Her earlier life certainly wasn't easy.  She was a military wife, raising two kids while my Grandpop fought in WWII, Vietnam, and Korea.  Later, they divorced, and she found herself alone and having to stand on her own two feet.  Happily, years later they reconciled, although I don't think she ever completely forgave him for leaving her, but it was good they were able to spend his later years reconnected.  She had two kids, my Dad and my Aunt, and I was her only grandchild.  And she even stuck around long enough to get to know my 5 year old son, her great-grandson, which I am grateful for.  My other Grammy made it just long enough to meet my husband and be at our wedding, but my Grandpop died shortly after college and my Mom's Dad died when I was like one or two at most.  So it was good to hang on to one last grandparent for a lot longer.

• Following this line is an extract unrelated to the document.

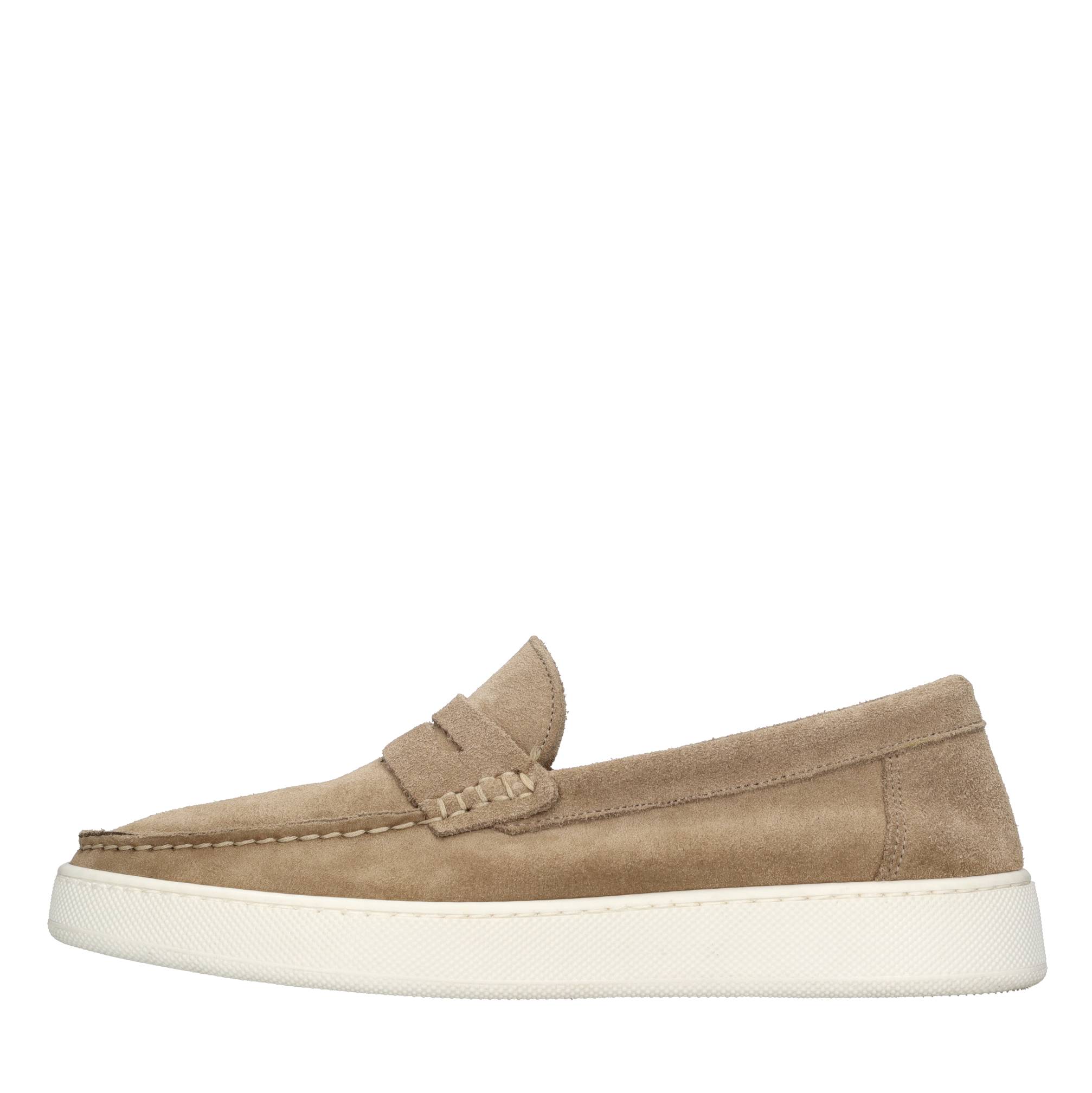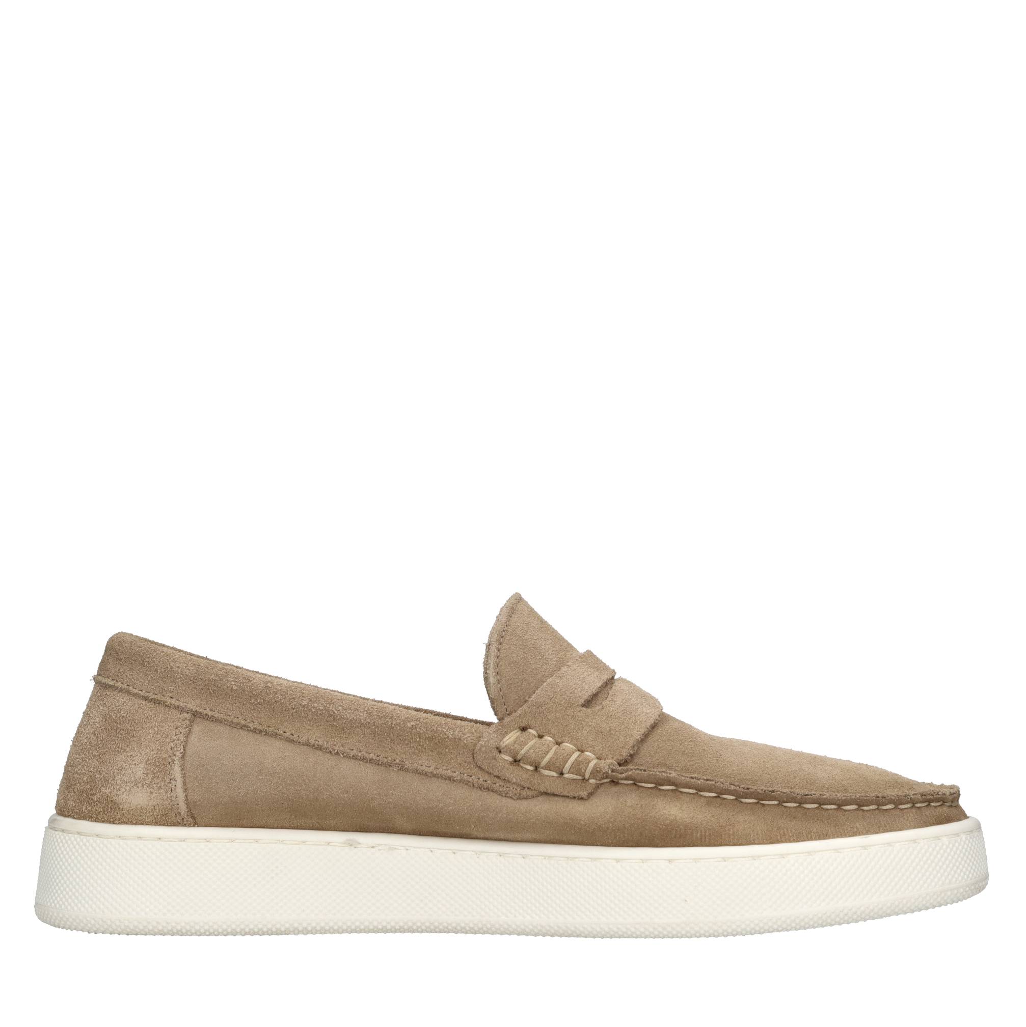 Mocassini in camoscio. Suola esterna in gomma. Tomaia interna in pelle e camoscio.

My favorite memories of her include a period of time in which my parents were in a bowling league on Tuesday nights and they dropped me off at her apartment for a couple of hours.  She would cook me dinner, which we ate at her cozy little kitchen table, and we somehow decided we had a mutual interest in the show Mash, which became a beloved bonding time for us.

Today a small gathering of her family and friends of the family joined to remember her, and I learned some wonderful new tidbits about her, as well as sharing fond memories and pictures of her.  It was just right for her small, soft spoken, and very loving family, and I know she felt all the warm feelings we sent her way.  Grandmom, you will be missed.